Rotterdam Convention

The Rotterdam Convention is a multilateral environmental agreement designed to promote shared responsibility and cooperative efforts among Parties in the international trade of certain hazardous chemicals, in order to protect human health and the environment from potential harm and to contribute to their environmentally sound use by facilitating information exchange about their characteristics, providing for a national decision-making process on their import and export and disseminating these decisions to Parties.

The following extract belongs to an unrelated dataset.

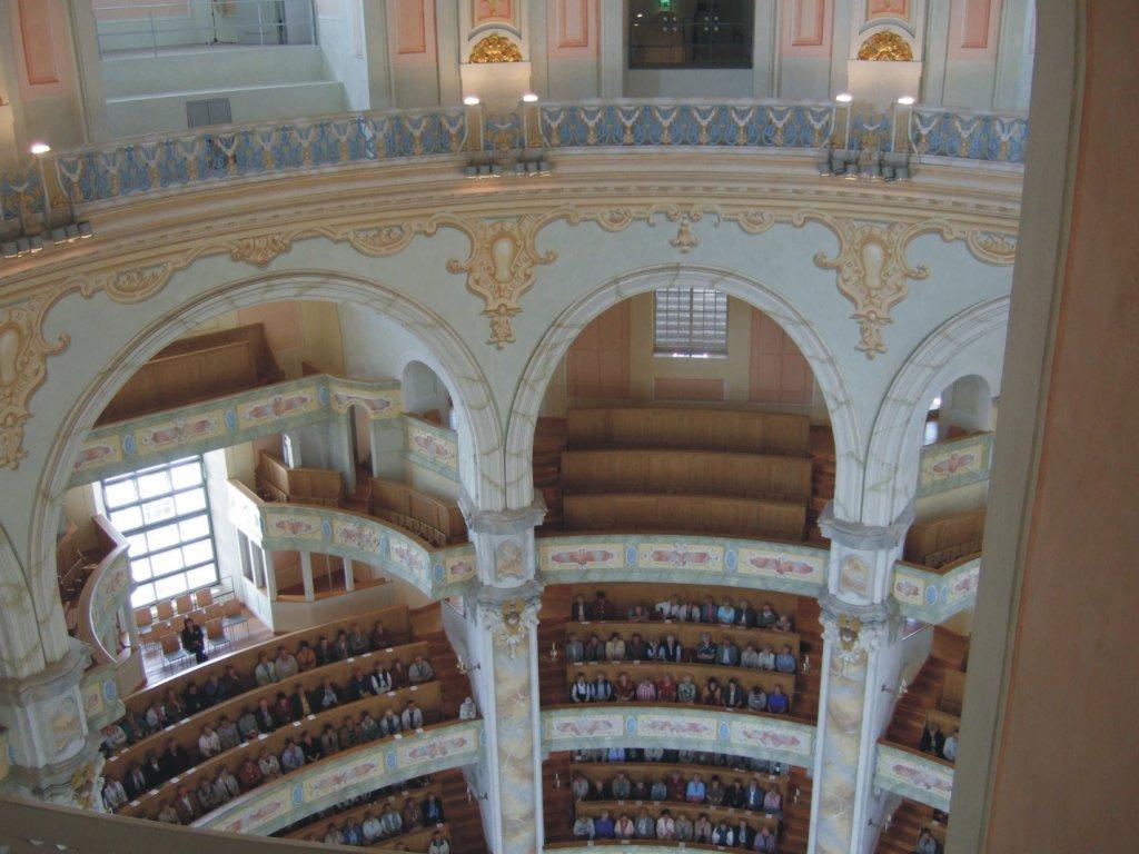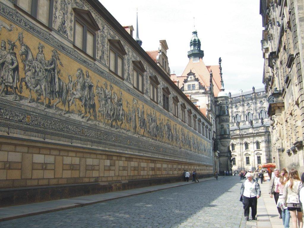 Elberadweg, Teil 1Bad Schandau - MagdeburgTag 4: Dresden - 28.04.2008Soweit die Füße tragen... Zur üblichen Zeit, um 8.30 Uhr saßen wir am Frühstückstisch. Heute hatten wir keine Eile. Gegen 10.30 Uhr fuhren wir mit der Straßenbahn in die Innenstadt. Bei Sonnenlicht fanden wir die Haltestelle in wenigen Minuten. Kurze Zeit später waren wir auch schon in der Stadt. Natürlich ging unser erster Weg wieder zur Frauenkirche. Wieder Erwarten brauchten wir nicht anzustehen oder Eintritt zu bezahlen. Es waren viele Besucher in der Kirche, sie war aber nicht überfüllt. Sie war wirklich sehr sehr schön. Helle Pastellfarben und ein prunkvoller Altarraum mit vielen Goldverzierungen und großen darüberstehenden Orgelpfeifen ließen den Raum freundlich und hell erstrahlen. Die Kirche ist ein Rundbau und, obwohl sie Platz für 1800 Menschen bietet, wirkt sie nicht übermäßig groß. Es gibt insgesamt fünf Emporen. Von dort ist der Blick sicherlich besonders schön. Dorthin gelangt man nur nach vorheriger Anmeldung und mit einem Führer. Es ist schon etwas ganz Besonderes, diese Kirche, die in den letzten Kriegsjahren völlig zerstört wurde, in dieser Pracht zu sehen. Vor ca. 8 Jahren habe ich sie von außen beim Wiederaufbau zum ersten mal gesehen. Sie ist ein wunderschönes Gotteshaus und für viele Menschen, nicht nur in Dresden, ein Sinnbild für Neuanfang. Nachdem wir uns die Kirche von innen angesehen hatten, wollten wir in jedem Fall noch die Aussichtsplattform über der Kuppel besteigen. 8€ Eintritt sind nicht preiswert, aber sie haben sich gelohnt. Zuerst fuhren wir einige Stockwerke mit einem Aufzug hinauf. Dann ging es über einen ansteigenden Gang immer höher hinauf. Dabei konnte man durch innen gelegene Fenster ins Innere der Frauenkirche sehen. Die letzten Meter führten über eine Eisentreppe nach draußen zur Kuppelspitze. Von hier hatten wir einen phantastischen Ausblick über Dresden, die Elbe und die Umgebung. Das Wetter war sonnig und klar und wir genossen das Stadtpanorama. Man hätte vielleicht auch von einem anderen Turm der Stadt eine ähnliche Aussicht gehabt, aber den Blick ins Kircheninnere beim Auf- und Abstieg hätten wir verpaßt. Nachdem wir die Frauenkirche verlassen hatten, gingen wir durch die Augustusstraße an der Ahnengalerie, dem sogenannten Fürstenzug vorbei. Es ist ein Wandfries auf dem 35 Herrscher zu Pferde aus dem Hause Wettin von 1127-1904 dargestellt sind; außerdem noch Adlige, Militärs, Künstler, Gelehrte und der Schöpfer und seine Gehilfen. Es besteht aus Meissner Kacheln und ist das größte Porzellanbild der Welt. Danach gingen wir weiter zum Schloßplatz und kamen an der Kath. Hofkirche und am Ständehaus vorbei. Wir gelangten dann zum Theaterplatz. Dort befindet sich auf der rechten Seite die berühmte Semperoper und geradeaus der Zwinger. So viele berühmte Gebäude so nah beieinander sind schon beeindruckend. Für den Zwinger nahmen wir uns sehr viel Zeit. Diese vielen Eindrücke kann man nicht wiedergeben. Alles, was wir sahen, war phantastisch. Heute besichtigten wir nur die Außenanlagen. Für morgen haben wir uns einige Museumsbesuche vorgenommen. Unsere Fotoapparate mußten wieder mal alles geben. Hildegard mußte an ihrer Kamera schon nach drei Tagen die Batterien austauschen. Die Zeit verging wie im Fluge und um 13.30 Uhr machten wir langsam schlapp. In einer Pizzeria füllten wir unsere eigenen Batterien wieder auf und gönnten unseren Füßen eine Verschnaufpause. Anschließend versuchten wir in die Semperoper zu gelangen. Leider gab es am Nachmittag keine Besichtigungsmöglichkeit mehr und auch am Folgetag war wegen Probe geschlossen. Schade, aber es gab ja noch einiges Andere zu sehen. Wir gingen ein Stück auf die Augustusbrücke, um die Silhouette der Stadt zu bewundern. Danach gingen wir über die Brühlschen Terrassen bis zum Park vor der Hochschule der bildenden Künste. Wir hatten einen weiten Blick über die Elbe und auf Dresden Neustadt. Nun machten wir uns auf die Suche nach dem Pulverturmkeller .Alfred, Hildegards Mann, hatte dieses Restaurant vor einigen Jahren mit Kollegen besucht und es Hildegard wärmstens empfohlen. Wir fanden es in unmittelbarer Nähe der Frauenkirche. Der Name war leicht irreführend. Wir hielten Ausschau nach einem Turm. Den gab es schon lange nicht mehr, sondern nur die Reste eines alten Kellers von einem früheren Pulverturm. Es war ein sehr uriges Restaurant. Wir fühlten uns in einen Rittersaal oder in eine alte Schloßküche versetzt. Die Räume waren rustikal eingerichtet und mit Gegenständen aus dem Mittelalter dekoriert. Wir tranken nur einen Kaffee. Da am Nachmittag kaum Gäste anwesend waren, konnten wir uns alles in Ruhe ansehen Für den Abend reservierten wir uns einen Tisch. Nach dieser kleinen Pause fuhren wir mit der Straßenbahn über die Carolabrücke auf die andere Elbseite. Vom Albertsplatz gingen wir zur Pfundsmolkerei. Es ist der schönste Milchladen der Welt. Wände und Decken sind mit farbigen Majolikafliesen der Firma Villeroy und Boch geschmückt. Es gibt auch heute noch die verschiedenen Molkereiprodukte zu kaufen. Nebenan besuchten wir noch kurz einen Senfladen. Anschließend wollten wir uns noch die Neustadt weiter ansehen, aber die vielen Punks und das ungepflegte und heruntergekommene Stadtbild ließen uns unsere Pläne ändern. Wir fuhren mit der Straßenbahn zurück bis zum Bahnhof und liefen dann an der Shoppingmeile vorbei zurück bis zur Altstadt. Pünktlich um 20 Uhr erreichten wir wieder den Pulverturmkeller. Zum Glück hatten wir einen Tisch reserviert. Das Restaurant war bis auf den letzten Platz gefüllt. Passend zur Einrichtung war das Personal in mittelalterliche Gewänder gekleidet. Gaukler und Musikanten unterhielten die Gäste. Das Essen war wie erwartet hervorragend. Unsere Heimfahrt verlief im Gegensatz zum Vortag unspektakulär. Wir hatten uns den Weg gemerkt und erreichten kurz nach 22 Uhr unsere kleine Ferienwohnung.

In other words, the Convention enables the world to monitor and control the trade in certain hazardous chemicals.

It is not a recommendation to ban the global trade or use of specific chemicals it is rather an instrument to provide importing Parties with the power to make informed decisions on which of these chemicals they want to receive and to exclude those they cannot manage safely.

If trade takes place, requirements for labeling and provision of information on potential health and environmental effects will promote the safe use of these chemicals.

Further information:
http://www.pic.int

Stockholm Convention

The Stockholm Convention is a global treaty to protect human health and the environment from persistent organic pollutants (POPs). POPs are chemicals that remain intact in the environment for long periods, become widely distributed geographically, accumulate in the fatty tissue of living organisms and are toxic to humans and wildlife. POPs circulate globally and can cause damage wherever they travel. In implementing the Convention, Governments will take measures to eliminate or reduce the release of POPs into the environment.